Clinical Microbiology and Antimicrobial Chemotherapy. 2011; 13(1):19-39
Objectives. To determine the diagnostic and treatment patterns for acute male urethritis (AMU) in Russia.
Retrospective cross-sectional study was conducted during 2009 in 4 cities of Russia: Kaluga, Pskov, Smolensk and Tula. Data on diagnostic and treatment approaches for AMU subjects ≥16 years old were collected and analyzed using specially designed case report forms.
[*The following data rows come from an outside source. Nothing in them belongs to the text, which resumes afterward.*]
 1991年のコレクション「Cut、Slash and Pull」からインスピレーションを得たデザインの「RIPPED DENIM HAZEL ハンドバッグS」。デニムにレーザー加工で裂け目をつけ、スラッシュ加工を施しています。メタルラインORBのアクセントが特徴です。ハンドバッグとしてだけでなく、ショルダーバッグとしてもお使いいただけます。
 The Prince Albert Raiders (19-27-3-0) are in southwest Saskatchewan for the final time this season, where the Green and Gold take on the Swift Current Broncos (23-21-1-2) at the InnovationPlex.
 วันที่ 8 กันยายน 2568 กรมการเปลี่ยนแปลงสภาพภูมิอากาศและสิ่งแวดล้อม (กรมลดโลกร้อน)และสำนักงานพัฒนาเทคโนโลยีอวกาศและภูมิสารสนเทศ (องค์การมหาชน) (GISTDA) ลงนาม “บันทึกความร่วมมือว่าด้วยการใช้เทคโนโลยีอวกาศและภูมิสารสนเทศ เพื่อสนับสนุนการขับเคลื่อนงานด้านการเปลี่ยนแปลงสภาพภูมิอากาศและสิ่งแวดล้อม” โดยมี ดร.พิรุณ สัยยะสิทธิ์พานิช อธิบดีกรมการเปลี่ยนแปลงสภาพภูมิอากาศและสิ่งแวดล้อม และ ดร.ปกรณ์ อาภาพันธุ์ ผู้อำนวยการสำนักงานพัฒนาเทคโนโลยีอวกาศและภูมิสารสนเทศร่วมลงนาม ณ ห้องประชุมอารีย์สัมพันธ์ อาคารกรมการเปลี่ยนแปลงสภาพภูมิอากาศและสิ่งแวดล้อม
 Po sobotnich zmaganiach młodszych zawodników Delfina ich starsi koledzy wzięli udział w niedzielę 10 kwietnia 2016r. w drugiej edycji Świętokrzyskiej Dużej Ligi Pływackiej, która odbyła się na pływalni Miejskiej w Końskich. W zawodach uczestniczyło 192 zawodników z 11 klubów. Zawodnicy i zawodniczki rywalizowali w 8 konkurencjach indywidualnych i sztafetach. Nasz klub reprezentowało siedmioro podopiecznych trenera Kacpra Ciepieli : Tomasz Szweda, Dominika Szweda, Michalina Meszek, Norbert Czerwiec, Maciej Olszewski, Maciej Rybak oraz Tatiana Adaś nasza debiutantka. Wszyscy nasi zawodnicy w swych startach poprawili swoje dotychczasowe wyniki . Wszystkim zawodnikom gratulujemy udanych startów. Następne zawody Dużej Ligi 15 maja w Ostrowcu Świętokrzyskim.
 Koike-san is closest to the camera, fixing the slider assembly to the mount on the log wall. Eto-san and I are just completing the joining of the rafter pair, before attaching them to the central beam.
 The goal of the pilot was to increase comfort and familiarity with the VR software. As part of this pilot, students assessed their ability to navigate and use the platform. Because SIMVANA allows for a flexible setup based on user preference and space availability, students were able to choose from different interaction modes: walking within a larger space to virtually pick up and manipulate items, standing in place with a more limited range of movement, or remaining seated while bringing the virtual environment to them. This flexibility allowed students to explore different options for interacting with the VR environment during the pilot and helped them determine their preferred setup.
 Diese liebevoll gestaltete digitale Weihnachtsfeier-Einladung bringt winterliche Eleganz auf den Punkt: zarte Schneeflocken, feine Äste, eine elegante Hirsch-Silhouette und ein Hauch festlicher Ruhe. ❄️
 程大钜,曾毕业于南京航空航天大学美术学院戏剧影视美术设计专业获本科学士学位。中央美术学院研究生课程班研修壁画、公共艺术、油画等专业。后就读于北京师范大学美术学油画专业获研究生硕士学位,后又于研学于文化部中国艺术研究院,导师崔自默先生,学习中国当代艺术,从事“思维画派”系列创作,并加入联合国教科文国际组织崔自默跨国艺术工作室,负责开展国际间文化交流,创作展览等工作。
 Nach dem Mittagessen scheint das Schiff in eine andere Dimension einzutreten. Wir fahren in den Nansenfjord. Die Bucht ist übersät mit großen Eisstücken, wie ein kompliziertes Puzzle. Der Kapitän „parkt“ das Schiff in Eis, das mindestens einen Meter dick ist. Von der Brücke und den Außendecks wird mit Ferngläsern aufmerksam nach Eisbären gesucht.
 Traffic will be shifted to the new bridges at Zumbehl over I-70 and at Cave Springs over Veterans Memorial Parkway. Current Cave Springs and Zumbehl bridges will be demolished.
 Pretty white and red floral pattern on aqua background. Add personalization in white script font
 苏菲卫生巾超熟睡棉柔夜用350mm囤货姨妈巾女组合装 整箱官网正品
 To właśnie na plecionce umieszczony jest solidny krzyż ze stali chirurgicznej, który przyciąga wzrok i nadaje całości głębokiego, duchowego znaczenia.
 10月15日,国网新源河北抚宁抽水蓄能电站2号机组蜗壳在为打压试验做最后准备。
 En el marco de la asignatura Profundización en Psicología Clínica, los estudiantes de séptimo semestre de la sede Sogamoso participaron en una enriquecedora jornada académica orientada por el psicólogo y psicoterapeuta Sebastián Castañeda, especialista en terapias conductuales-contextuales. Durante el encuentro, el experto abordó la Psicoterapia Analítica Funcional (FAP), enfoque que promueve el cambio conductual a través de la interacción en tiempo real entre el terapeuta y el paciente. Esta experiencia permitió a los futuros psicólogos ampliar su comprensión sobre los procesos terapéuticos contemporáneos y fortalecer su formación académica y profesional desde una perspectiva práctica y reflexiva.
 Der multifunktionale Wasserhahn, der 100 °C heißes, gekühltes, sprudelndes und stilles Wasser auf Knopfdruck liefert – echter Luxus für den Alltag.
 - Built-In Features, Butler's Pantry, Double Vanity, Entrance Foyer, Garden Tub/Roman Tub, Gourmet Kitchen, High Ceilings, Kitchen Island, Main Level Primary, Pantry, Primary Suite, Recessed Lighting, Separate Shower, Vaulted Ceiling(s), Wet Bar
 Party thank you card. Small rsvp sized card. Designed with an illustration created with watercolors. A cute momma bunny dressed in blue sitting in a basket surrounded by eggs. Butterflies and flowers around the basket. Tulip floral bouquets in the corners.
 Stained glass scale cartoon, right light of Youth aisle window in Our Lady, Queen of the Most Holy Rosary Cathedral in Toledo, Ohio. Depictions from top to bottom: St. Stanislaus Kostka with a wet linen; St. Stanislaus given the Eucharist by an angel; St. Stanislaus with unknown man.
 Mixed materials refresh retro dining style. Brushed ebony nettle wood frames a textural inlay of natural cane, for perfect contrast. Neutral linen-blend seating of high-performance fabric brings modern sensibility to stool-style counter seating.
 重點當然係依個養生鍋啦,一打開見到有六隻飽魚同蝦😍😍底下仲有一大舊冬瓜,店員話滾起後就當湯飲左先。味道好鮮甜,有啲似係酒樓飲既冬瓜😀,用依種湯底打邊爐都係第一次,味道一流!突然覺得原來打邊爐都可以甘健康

556 cases of AMU were analyzed during study period. The average age of patients was 29 years (16–68 years). The following diagnostic methods were used in 96.4% of cases (C. trachomatis: PCR (138⁄24.8%), ELISA (156⁄28.1%); N. gonorrhoeae and T. vaginalis, respectively: urethral smear microscopy (445⁄80.0% and 320⁄57.6%), PCR (109⁄19.6% and 130⁄23.4%); U. urealyticum and M. hominis, respectively: bacteriology (140⁄25.2% and 135⁄24.3%), PCR (135⁄24.3% and 133⁄23.9%); M. genitalium: PCR (135⁄24.3%). The most common diagnosis in center #1 was gonococcal urethritis (GU) (61.7%), in centers ##2, 3, 5 – non-gonococcal urethritis (NGU) (68.0, 54.7, 66.3%), in center #4 – unspecified urethritis (45.1%) and NGU (36.3%). Treatment patterns included antimicrobials (ABx) solely in 66.3, and ABx + non-ABx – in 32.2% of cases.
According to the results, use of standard methods for AMU diagnosis was rather rare and ABx treatment in some cases was not in compliance with modern practical guidelines for STD and AMU.